(YOUR INSTRUCTIONS)
Pictures excluded, output the lines of the data below between the one holding "1・2年生の校歌ダンス" and the one holding "Versand erfolgt in", inclusive, exactly as they stand.

(AVAILABLE DATA)
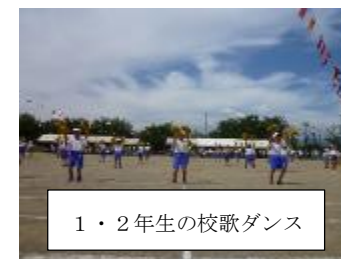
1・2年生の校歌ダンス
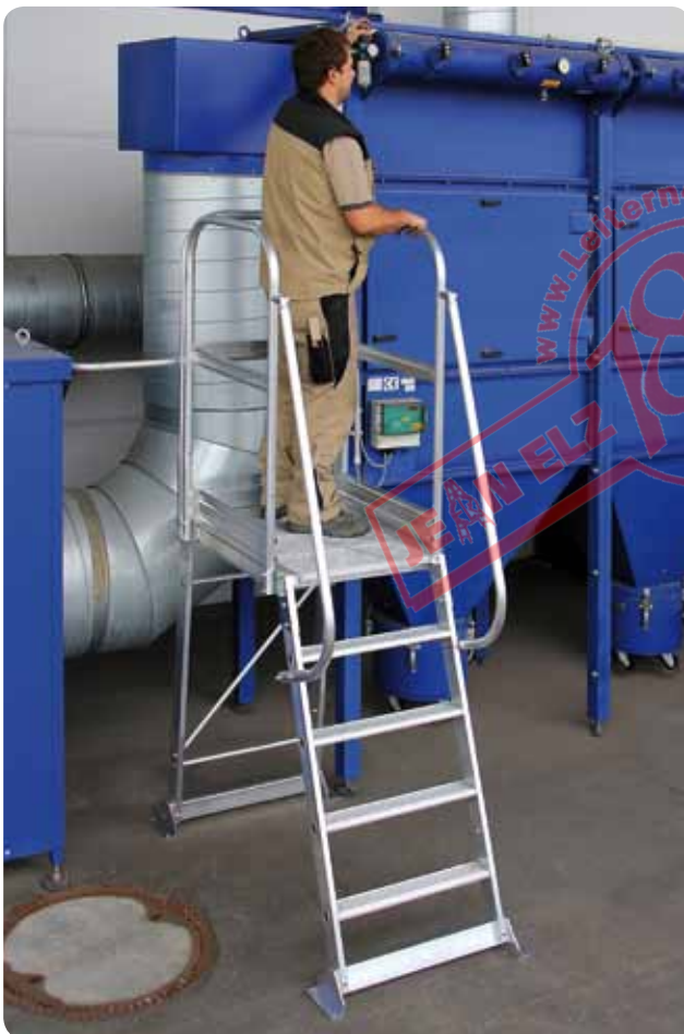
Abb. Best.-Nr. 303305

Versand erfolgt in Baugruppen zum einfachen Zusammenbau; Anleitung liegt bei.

---

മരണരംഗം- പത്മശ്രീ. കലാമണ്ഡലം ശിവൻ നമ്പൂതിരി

(RESULT)
1・2年生の校歌ダンス
Abb. Best.-Nr. 303305

Versand erfolgt in Baugruppen zum einfachen Zusammenbau; Anleitung liegt bei.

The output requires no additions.